Benché siano state effettuate importanti scoperte nel campo della cognizione, delle
neuroscienze e delle malattie mentali, siamo in una condizione di crescente frustrazione,
dovuta alla difficoltà di tradurre questi sforzi in una reale comprensione dei fondamenti
eziologici e di conseguenza dell'implementazione di nuovi trattamenti. Un importante
fattore che contribuisce alla lentezza del processo evolutivo è la diffusa abitudine di
affidarci a strumenti diagnostici e di ricerca categoriali e basati sui sintomi come il DSM e
l'ICD. Malgrado questi strumenti abbiano fortemente contribuito all'affidabilità delle
diagnosi psichiatriche a fini clinici e di ricerca, queste categorie e questi criteri erano stati
formulati prima dello sviluppo delle moderne neuroscienze, e la validità delle diagnosi è, di
conseguenza, discutibile. Il progresso verso una piena comprensione e un corretto
trattamento dei disturbi mentali è stato oscurato dalla focus scientifico sulla diagnosi, focus
che non riflette l'organizzazione dei circuiti neurali e dei comportamenti ad essi associati.

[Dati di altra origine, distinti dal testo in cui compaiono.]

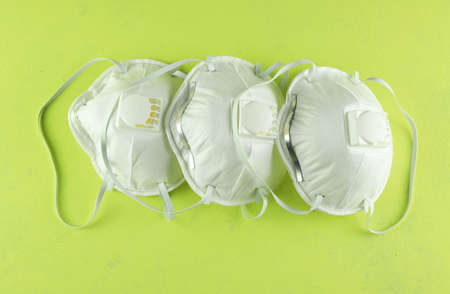 Corona virus concept. Medical protective masks isolated on green background. Prevention of the spread of virus and epidemic. Top view.
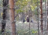 Во время рейда инспекторы увидели в 15 метрах от себя медведицу с тремя медвежатами. Увидев людей, бурые обитатели леса встали на задние лапы, разглядывая гостей.
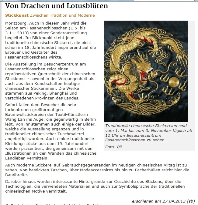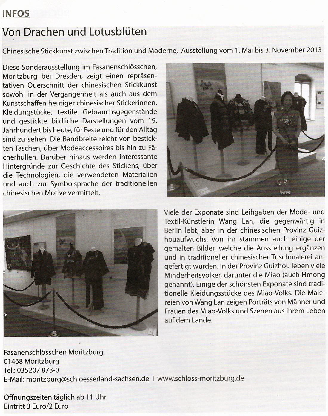 - Soloausstellung „Von Drachen und Lotusblüten, “Grabau-Stiftung in Schloss Moritzburg – Fasanenschlösschen
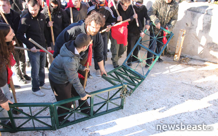 Οι διαδηλωτές έριξαν και έναν μικρό φράκτη, ο οποίος τους κλείνει τον δρόμο προς τους άνδρες των ΜΑΤ.
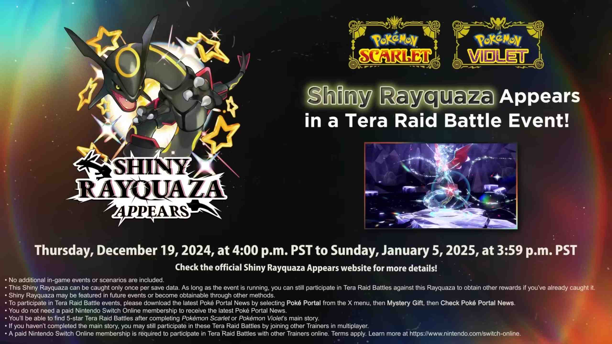 อย่าลืมทำเครื่องหมายวันที่ 19 ธันวาคมนี้ไว้ในปฏิทินของคุณ! เตรียมทีมโปเกมอนของคุณให้พร้อมและเข้าร่วมการต่อสู้เพื่อคว้า Shiny Rayquaza ที่หายากนี้มาให้ได้
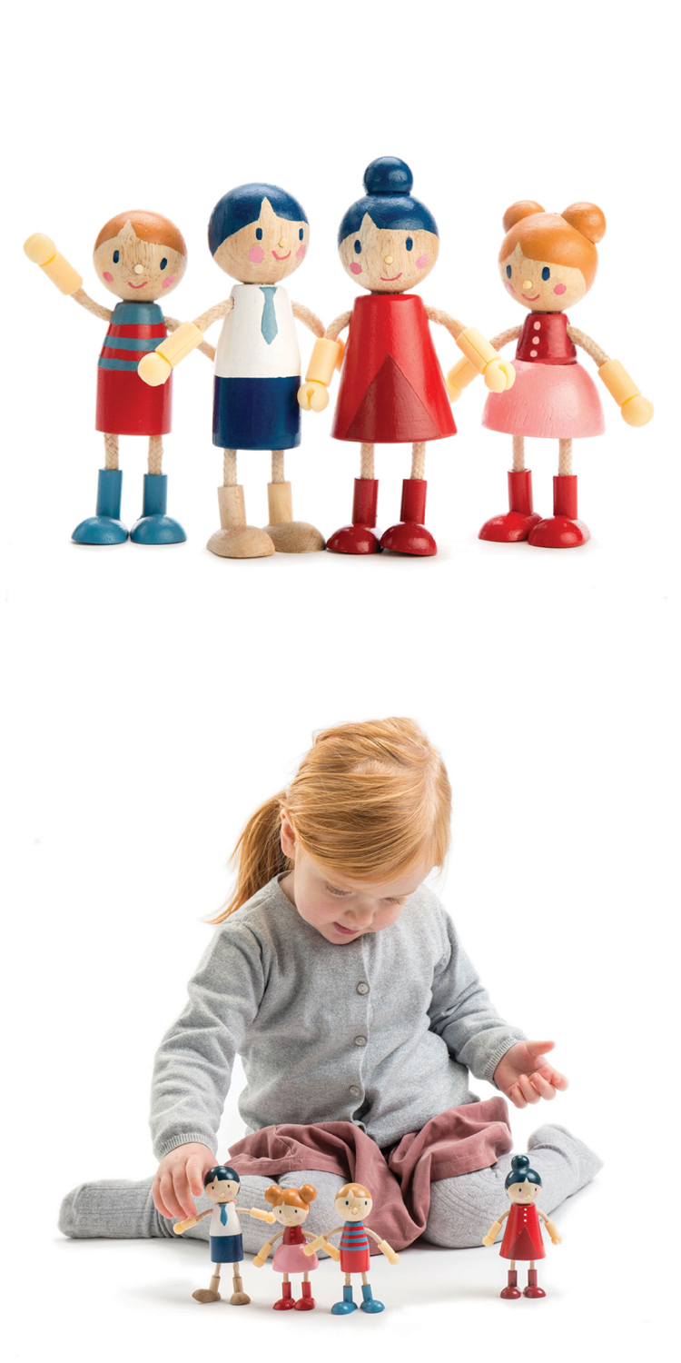 內含一家四口的鮮明角色:爸爸、媽媽、小男孩和小女孩。透過角色扮演,滿足孩子模仿的好奇心,促進語言發展與溝通能力。有利於創意發想,同時整合邏輯思考以及語言溝通。父母一同遊戲,角色替換,聆聽彼此的聲音,於生活中相互體諒。
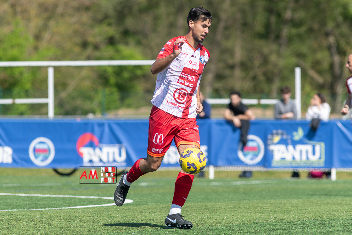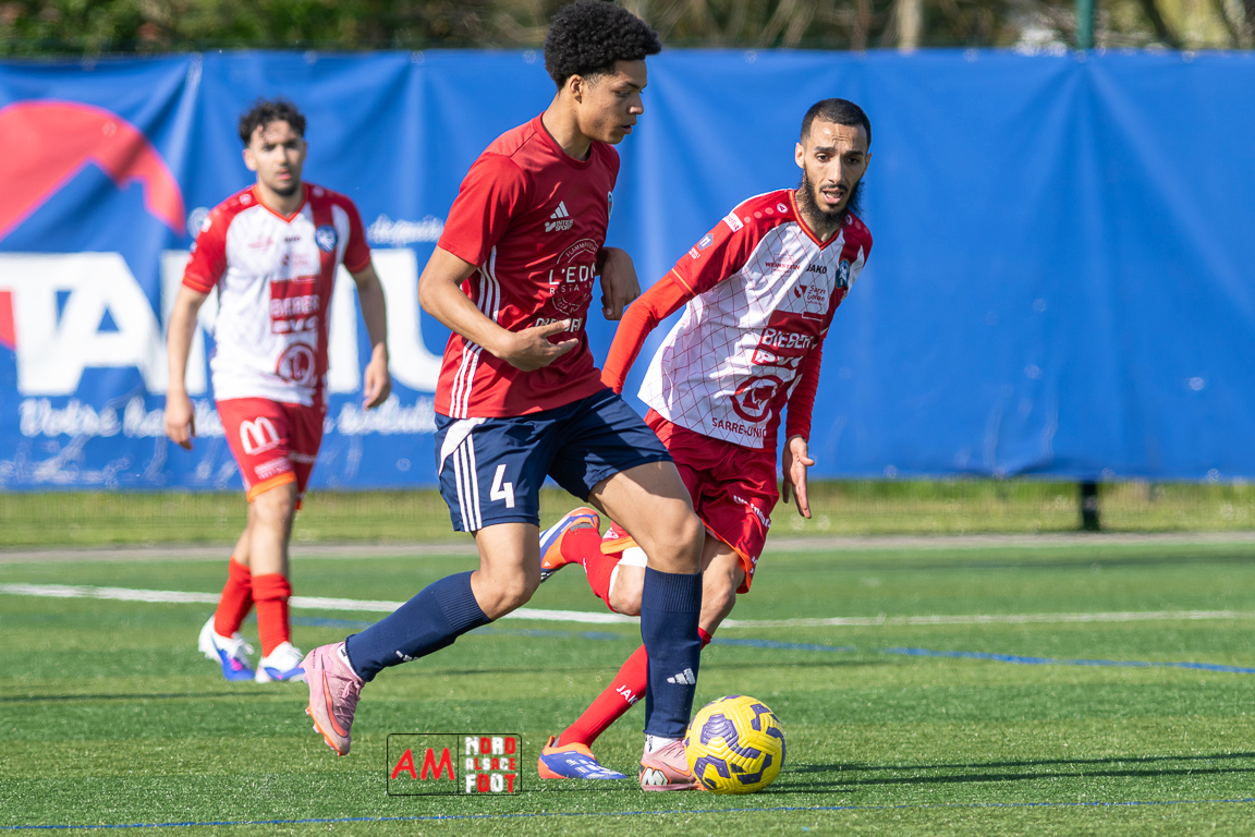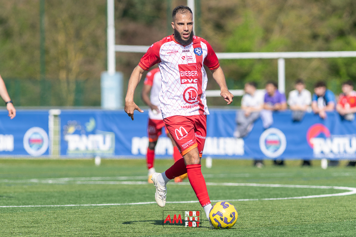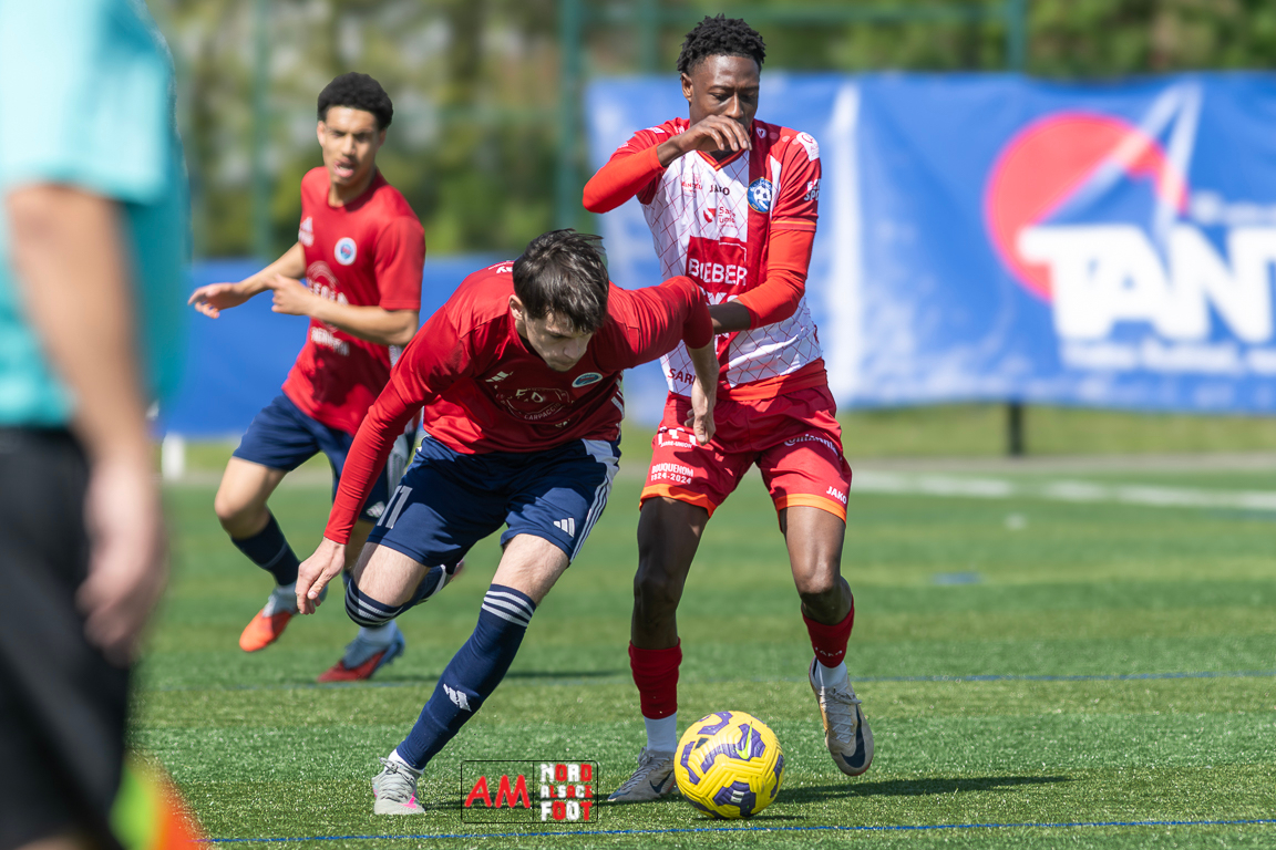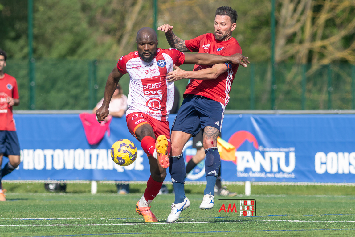A l’occasion de la 22e journée de championnat en Régional 1 (Poule B), le FR Haguenau 2 (11e) accueillait l’US Sarre-Union (8e) afin de tenter de valider, au point près, leur maintien dans la division en faveur d’un succès, et ce, face à des adversaires pouvant encore jouer les places d’honneur. Après une première période se soldant par un léger avantage en faveur des visiteurs grâce à des réalisations signées Guendez Uzed (15e) et Aroustanov Robert (24e) contre une ouverture du score locale signée Klein Mathéo (7e), les visiteurs font le break à la 48e minute de jeu grâce à un doublé d’Aroustanov Robert avant que Mazroui Amine ne réduise la marque à la 59e minute de jeu, les deux équipes se neutralisant ensuite jusqu’au coup de sifflet final. Retrouvez, ci-dessous, quelques images de cette rencontre et, pour en apprécier le contenu, veuillez cliquer sur l’une d’entre elles pour afficher le diaporama.

Lo sviluppo della conoscenza sui programmi comportamentali, e i relativi circuiti
neurobiologici, richiede uno spostamento nel modo di pensare la classificazione dei
disturbi mentali, nel caso dei processi cognitivi, così come le altre aree di ricerca sui
disturbi mentali.
Il progetto RDoC
Al fine di incoraggiare gli scienziati a liberarsi dalle costrizioni delle diagnosi categoriali e
riallineare la ricerca sulla malattia mentale alle scoperte sui correlati genetici e neurali del
comportamento, il NIMH ha avviato il progetto RDoC. Questa iniziativa rappresenta
l'implementazione della Strategia 1.4 del Piano Strategico del NIMH, che afferma di
"sviluppare, a scopi di ricerca, nuovi modi di classificare i disturbi mentali in base alle
dimensioni del comportamento osservabile e delle misure neurobiologiche". Lo scopo a
lungo termine del progetto è la validazione di compiti utilizzabili in contesto clinico, 1
l'identificazione di nuovi target per lo sviluppo di nuovi trattamenti, la definizione di
sottogruppi clinici significativi allo scopo di fornire trattamenti selezionati, e l'individuazione
di un percorso attraverso cui i risultati della ricerca possano essere tradotti in informazioni
utili ai fini delle decisioni cliniche. In altri termini, gli sforzi dell'iniziativa RDoC sono
focalizzati sull'identificazione di ampi domini di funzionamento e dei loro costrutti
dimensionali, sullo sviluppo di misure affidabili e valide attraverso un ampio piano i analisi
per ogni costrutto, e la realizzazione di studi supportivi, per determinare il range totale di
variazione presente nelle popolazioni cliniche e non cliniche, rispetto ai diversi domini.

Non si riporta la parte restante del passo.